I like to give out advise to people who seem to actually seek it out. I get messages on facebook often from new moms and some seasoned moms looking for advise. I give them what I can and what worked for my family under the understanding what works for me and my family may not work for them but I also point them to places and websites that offer information as well. No longer will this be happening unless I seriously get paid. If I get paid for my advise than well maybe it will put forth the seriousness for the person asking for it. I have mentioned before how I care way too much about babies in general and want the best for every baby out there.
I retain a crap load of knowledge on certain subjects, breastfeeding happens to be one of them. It seems I am sought out for breastfeeding advise most often and no matter what I say, do, or sites I point in directions it some how never works out for them and the baby ends up on formula. It's certainly not my advise I even consult with my friend who had been an International Board Certified Lactation Consultant for nearly 13yrs now. I get miffed when this happens. I put myself and effort out there to help succeed and you stop why? I did some snooping and one reason I found was cause I wanted to feel normal again ...normal? really? Normal is a woman who breastfeeds her baby because that is what a normal woman's body does..it lactates for the baby. Not normal is formula, created from another animal's milk in laboratories that the FDA doesn't even regulate. Nope not normal to me, sorry. What a bullshit reason for giving up a wonderful, natural, normal, and perfect thing.

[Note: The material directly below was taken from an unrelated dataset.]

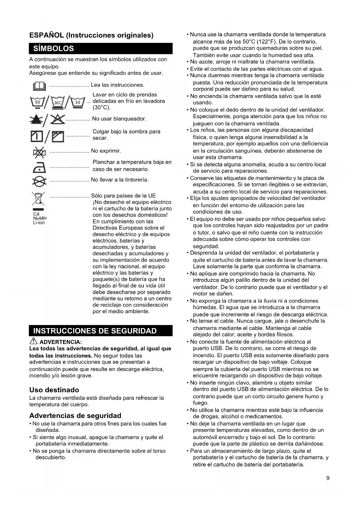 - Los niños, las personas con una incapacidad fisica, o quienonga una insensibility a la temperatura, por exemple aquellos con una deficiencies en la circulación sanguinea,deferán abstenerse de usar esta chamarra.

Did you know only a mere 5% of woman have a real medical condition that makes them not able to lactate? Did you know that most medications are breastfeeding friendly and if not ask your doctor for alternatives. Did you know that there is so much support and information out there that anybody can access to help them succeed? Well yep...
Now I am not saying I won't give when asked, but you really have to be serious about it cause I am about done wasting my time on a lost cause. I can't save all babies though I wish I really could. i am ok with people asking me things, kinda makes me happy actually. But then I get so upset and disappointed when things fail anyway that The Marine told me he was going to revoke my Internet so that I stop being upset that I wasted my time. I just generally care too much and that kind of sucks. When I earn my Lactation Consultant title I will charge... until then I will only help those who actually mean to want to succeed.